Puttin' on the Ritz, 3 videos : 1) Christopher Walken, 2) Frankenstein Junior, 3) Fred Astaire. Strange, is n't it ? 

Et les paroles en prime - car elles me trottent dans la tête, intraitable rengaine, cependant ô combien réjouissantes - bien qu'elles m'aient sauvé la vie.

Je vous raconterai ça.

En attendant, place aux réjouissances ! D'abord mon bien-aimé, Chris Walken, dansant les claquettes  (faut dire qu'il est né par Broadway) sur la chanson de ce sacré Fred Astaire.

 

Comment ça, pompé sur le clip Weapon of Choice de Fatboy Slim ? Mouais, mais putain, exactement dans le tempo.

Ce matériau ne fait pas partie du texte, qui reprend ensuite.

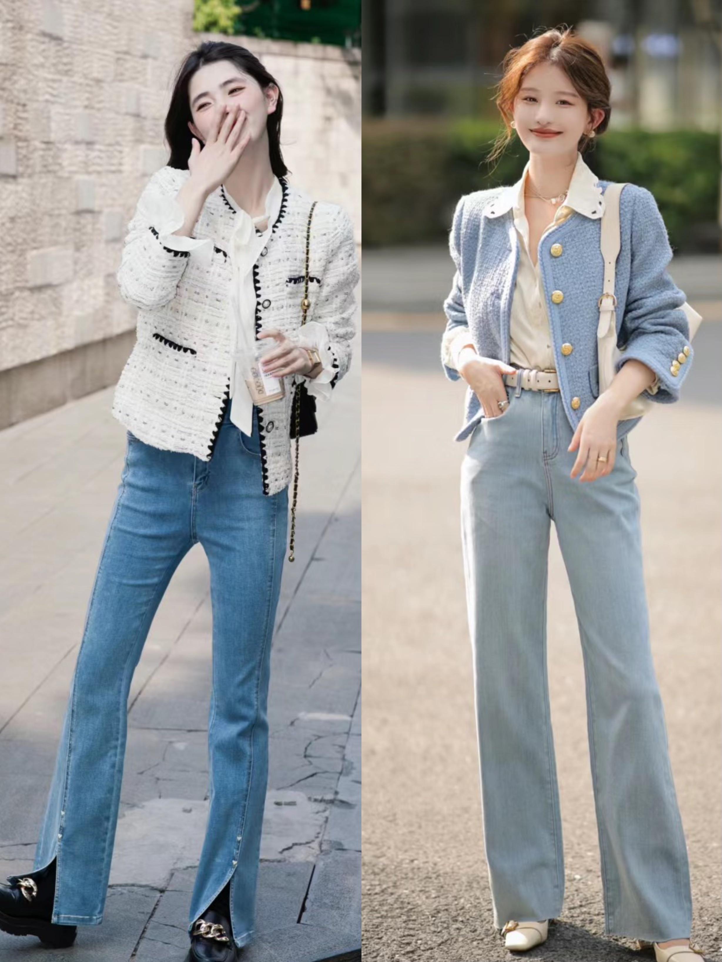 春天裏的直筒牛仔褲,也是百搭萬能單品。小香風外套的精緻、直筒牛仔褲的大方,搭配在一起更加清爽利落。
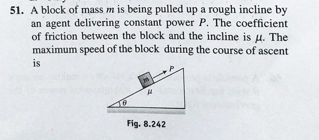 A block of mass m is being pulled up a rough incline by an agent delivering constant power P. The coefficient of friction between the block and the incline is mu. The maximum speed of the block during A block of mass m is being pulled up a rough incline by an agent delivering constant power P. The coefficient of friction between the block and the incline is mu. The maximum speed of the block during October 4, 2020 Category: Uncategorised (JEE Advanced Physics by BM Sharma + GMP Solutions) , Facebook Messenger WhatsApp Share this:TwitterFacebook Related
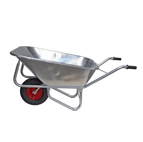 Diese Großmuldenschubkarre ist luftbereift 400/100 mm. Diese überaus strapazierfähigen Karre ist außerdem komplett im Vollbad feuerverzinkt. Dadurch wird eine Rostbildung vermieden.
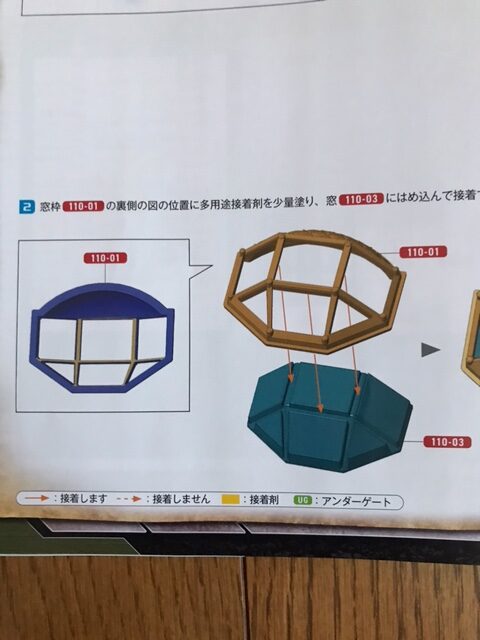 窓枠110-01の裏側の図の位置に多用途接着剤を少量塗り、窓110-03にはめ込んで接着する。
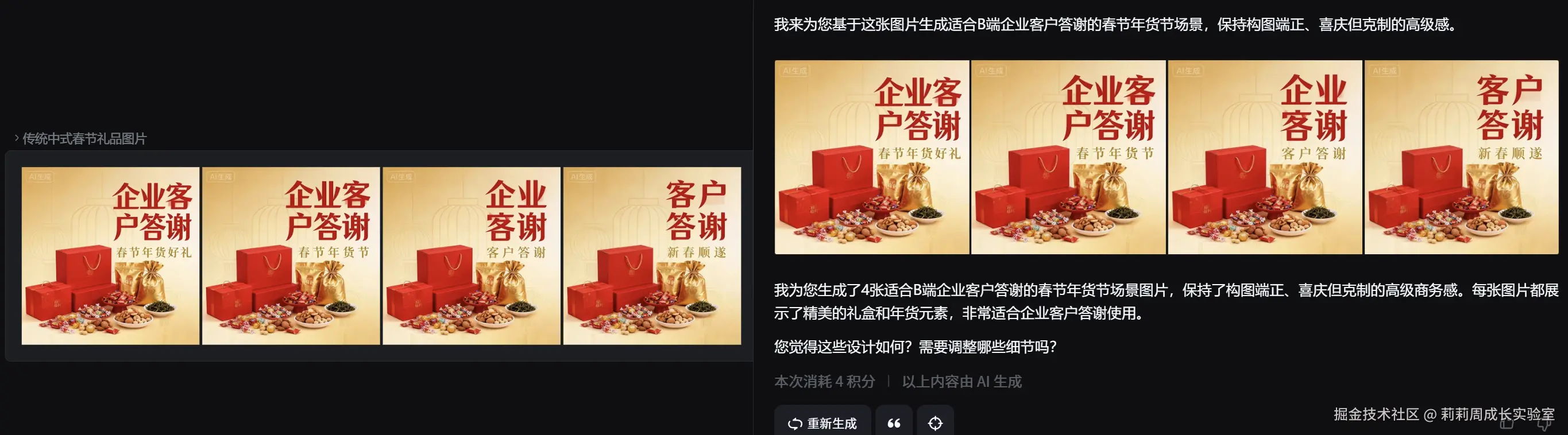 👉 也正因为这样,我一开始就很清楚: 只会单张生图、不能成套扩展的 AI,在春节年货节这种企业场景下,一定会翻车。
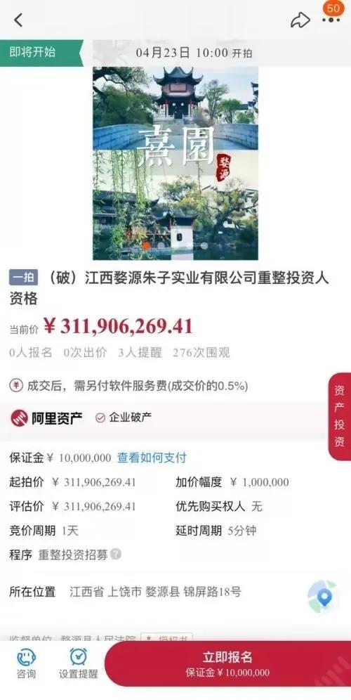 还是南宋名人朱熹的祖宅,在淘宝直播间起拍价3.1亿!加价一次至少是100万一次。厉害了!
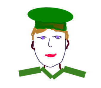 Используя кисточку (Brush), начертите круглое лицо, затем добавьте глаза, брови, нос и улыбающийся рот. Обведите контуры лица карандашом толщиной около 3 пикселей. Глаза сделайте слегка уставшими, выразив мудрость и пережитое ветераном.
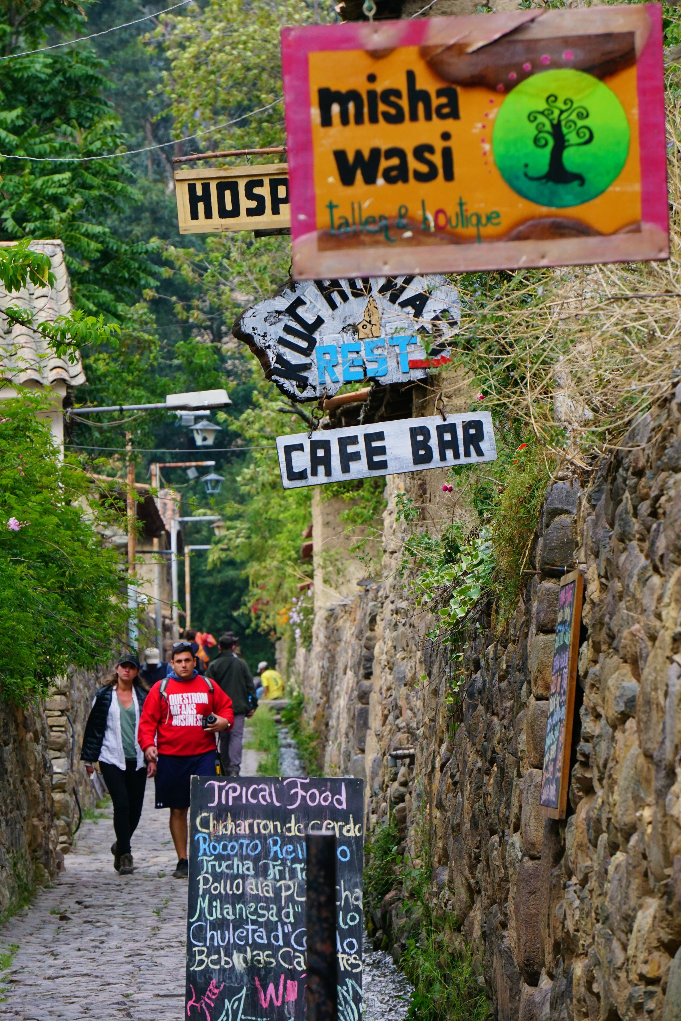 ペルー、オリャイタイタンポの村の路地です。この村も近年西洋人に人気らしく、観光客めあての店や宿が増えてます。看板やメニューがラテン系の色使いで落ち着いた村の中にもポップな雰囲気を漂わせています。
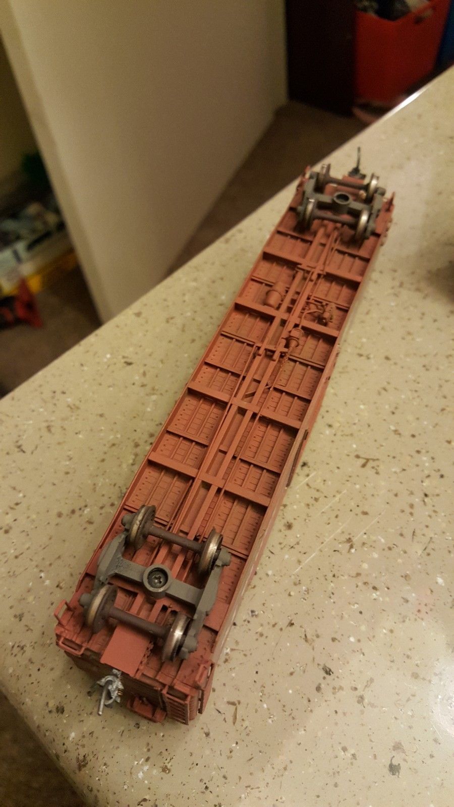 This Intermountain RTR boxcar comes factory equipped with Kadee couplers and Accurail trucks, however the trucks were friction bearing, so I replaced them with a set of 70 ton roller bearing, also from Accurail which are appropriate for the era modeled (early 1980's).

Génial.

Bon, moi j'ai rencontré ce morceau par le film Frankenstein Junior - plié de rire. Voici l'extrait... Attention, préparez-vous - pour ceux qui connaissent pas -, c'est hard :

 

Allez, le grand Fred Astaire...

 

Et les paroles :

Have you seen the well-to-do
Up and down Park Avenue ?
On that famous thorough fare
With their noses in the air.

High hats and arrow collars,
White spats and lots of dollars,
Spending every dime
For a wonderful time.

(hé-hé... le refrain...)

If you're blue 
And you don't know
Where to go to
Why don't you go 
Where fashion sits...
Puttin' on the Ritz !

(...qui te met tant en joie qu'il ne te sort plus du crâne)

Different types who wear a day coat
Pants with stripes and cut-a-way coats,
Perfect fits...
Puttin' on the Ritz.

Strollin' up the avenue so happy
All dressed up just like an English chappy
Very snappy.

Come let's mix where Rockefellers walk 
With sticks and um-ber-ellas
In their mitts...
Puttin' on the Ritz.

If you're blue... [etc.]

Different types who wear a day coat
Pants with stripes and cut-a-way coats,
Perfect fits...
Puttin' on the Ritz.

Dressed up like a million dollar trouper
Trying hard to be like Gary Cooper
Super-Duper.

Come let's mix where Rockefellers 
Walk with sticks and um-ber-ellas
In their mitts...
Puttin' on the Ritz.

Puttin' on the Ritz.
Puttin' on the Ritz.

 



Eh oui, j'ai survécu. Convalescence difficile - agacé de repartir de zéro (sachant que l'infini n'est pas le résultat de la somme et du reste) - mais ne dit-on pas que les voyages... C'est promis, je recommence à écrire mon journal.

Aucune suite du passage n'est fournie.